# Task brief
Could you restate the data below word for word, without its pictures?

═════ Information shown

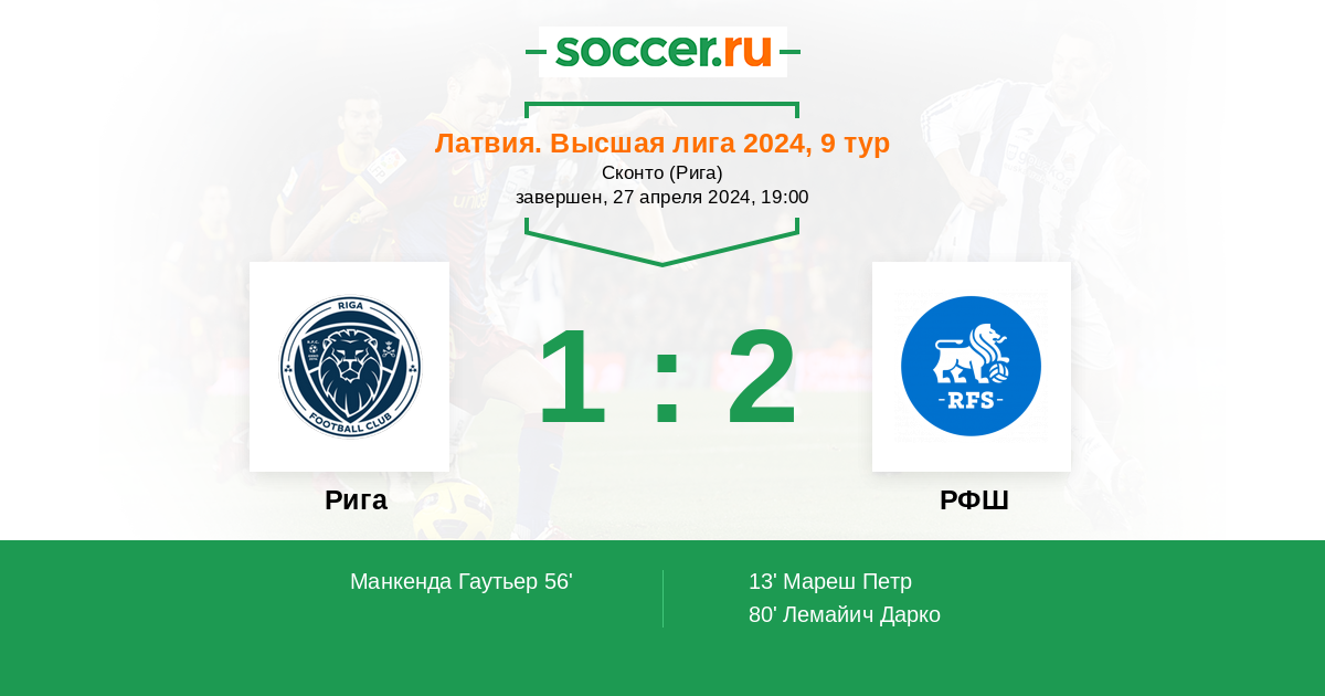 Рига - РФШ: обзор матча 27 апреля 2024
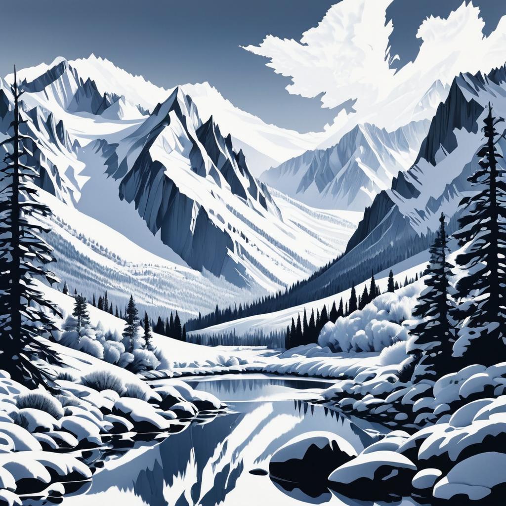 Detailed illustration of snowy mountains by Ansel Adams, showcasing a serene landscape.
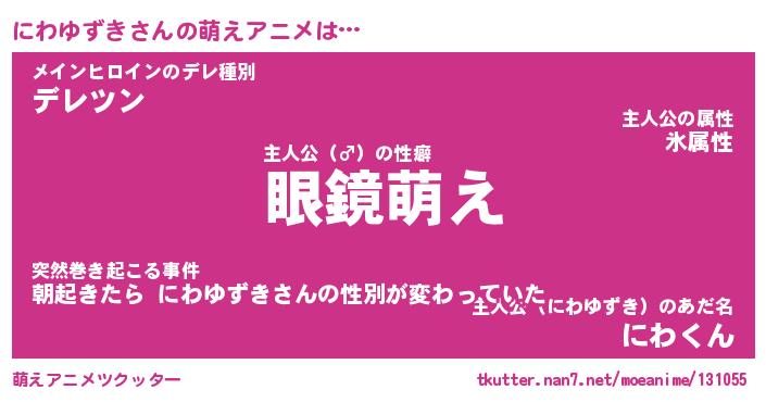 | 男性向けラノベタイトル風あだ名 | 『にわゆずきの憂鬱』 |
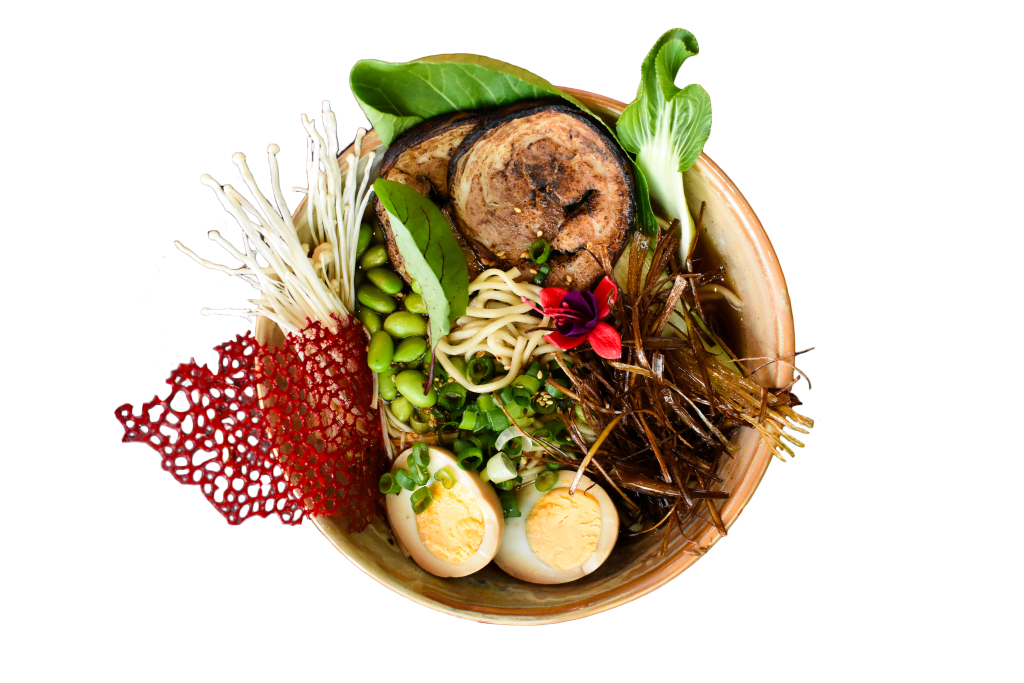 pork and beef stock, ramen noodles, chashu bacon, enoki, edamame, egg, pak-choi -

══════════

# Result of the task
 Рига - РФШ: обзор матча 27 апреля 2024
 Detailed illustration of snowy mountains by Ansel Adams, showcasing a serene landscape.
 | 男性向けラノベタイトル風あだ名 | 『にわゆずきの憂鬱』 |
 pork and beef stock, ramen noodles, chashu bacon, enoki, edamame, egg, pak-choi -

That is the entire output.